▶ _Your goal_:
Copy out exactly the stretch below, from the line with "A clipping from" through the line with "где αэтая и", both included; the pictures stay out.

▶ _Records for processing_:
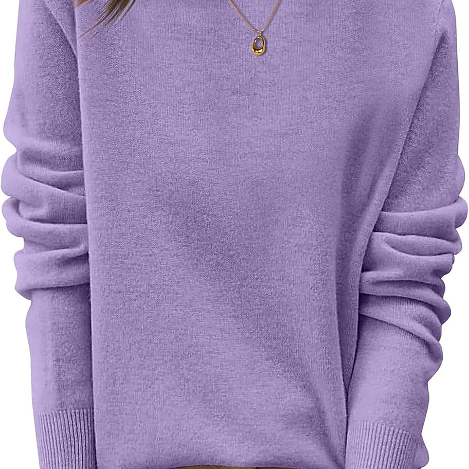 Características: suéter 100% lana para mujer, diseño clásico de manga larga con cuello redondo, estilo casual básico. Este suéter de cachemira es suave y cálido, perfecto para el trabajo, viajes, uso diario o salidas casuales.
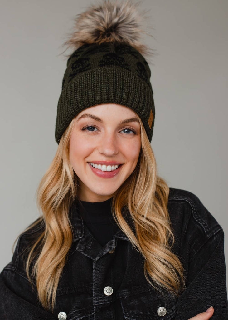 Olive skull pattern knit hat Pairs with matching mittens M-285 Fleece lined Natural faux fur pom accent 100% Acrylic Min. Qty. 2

* * *

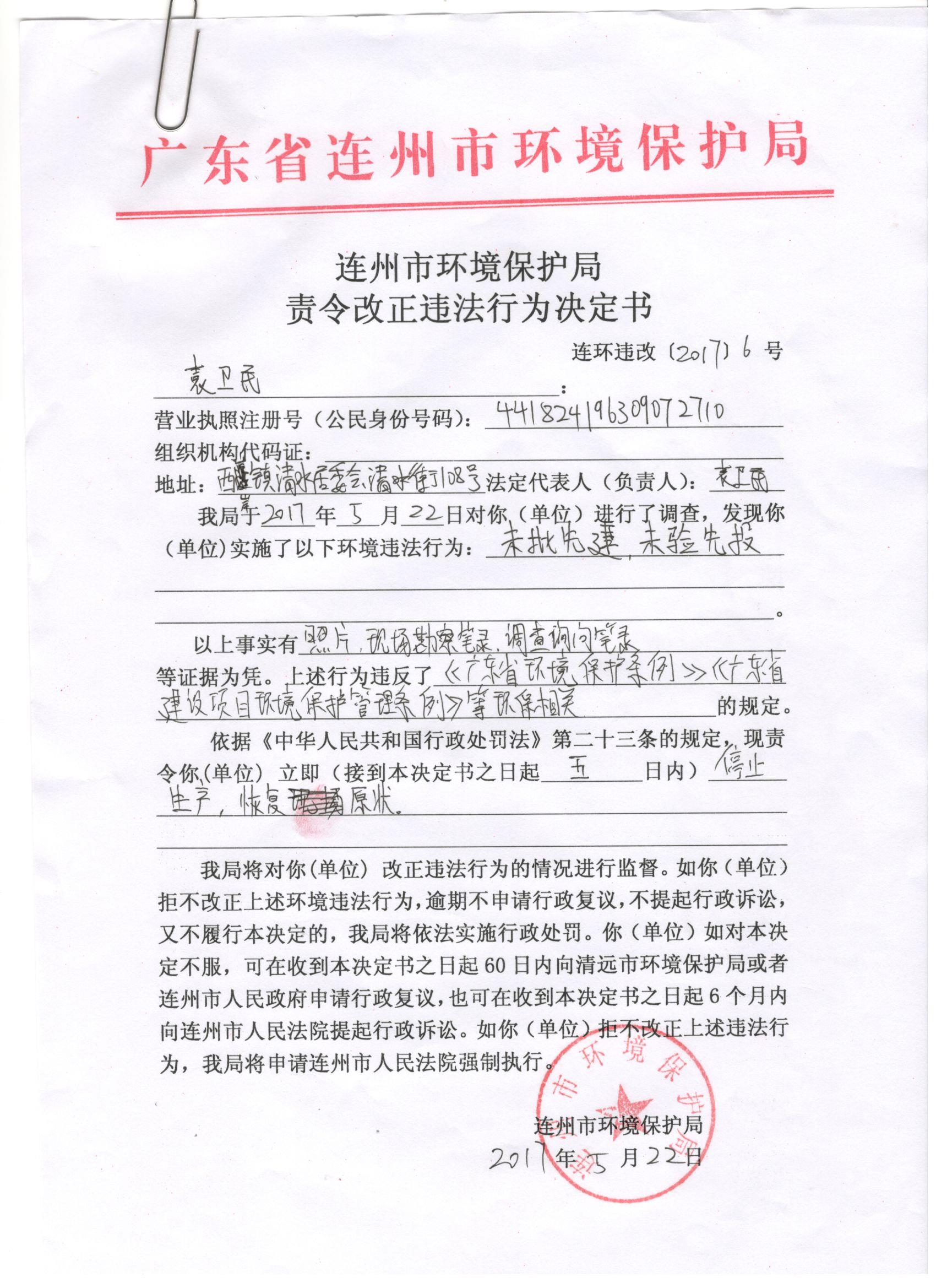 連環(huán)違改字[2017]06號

* * *

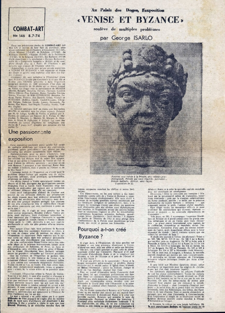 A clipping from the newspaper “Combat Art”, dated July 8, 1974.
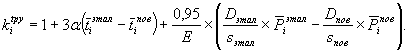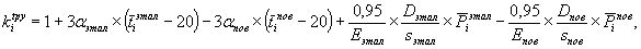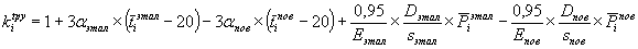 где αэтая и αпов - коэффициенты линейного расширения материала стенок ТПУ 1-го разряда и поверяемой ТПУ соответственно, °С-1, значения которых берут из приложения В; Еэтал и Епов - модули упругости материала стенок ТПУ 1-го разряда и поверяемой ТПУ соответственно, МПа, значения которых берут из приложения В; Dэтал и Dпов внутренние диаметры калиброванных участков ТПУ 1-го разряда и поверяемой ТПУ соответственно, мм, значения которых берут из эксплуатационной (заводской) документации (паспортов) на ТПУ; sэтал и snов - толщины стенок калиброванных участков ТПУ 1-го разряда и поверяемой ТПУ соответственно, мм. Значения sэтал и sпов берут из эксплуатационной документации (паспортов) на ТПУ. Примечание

▶ _Result of this exercise_:
 A clipping from the newspaper “Combat Art”, dated July 8, 1974.
 где αэтая и αпов - коэффициенты линейного расширения материала стенок ТПУ 1-го разряда и поверяемой ТПУ соответственно, °С-1, значения которых берут из приложения В; Еэтал и Епов - модули упругости материала стенок ТПУ 1-го разряда и поверяемой ТПУ соответственно, МПа, значения которых берут из приложения В; Dэтал и Dпов внутренние диаметры калиброванных участков ТПУ 1-го разряда и поверяемой ТПУ соответственно, мм, значения которых берут из эксплуатационной (заводской) документации (паспортов) на ТПУ; sэтал и snов - толщины стенок калиброванных участков ТПУ 1-го разряда и поверяемой ТПУ соответственно, мм. Значения sэтал и sпов берут из эксплуатационной документации (паспортов) на ТПУ. Примечание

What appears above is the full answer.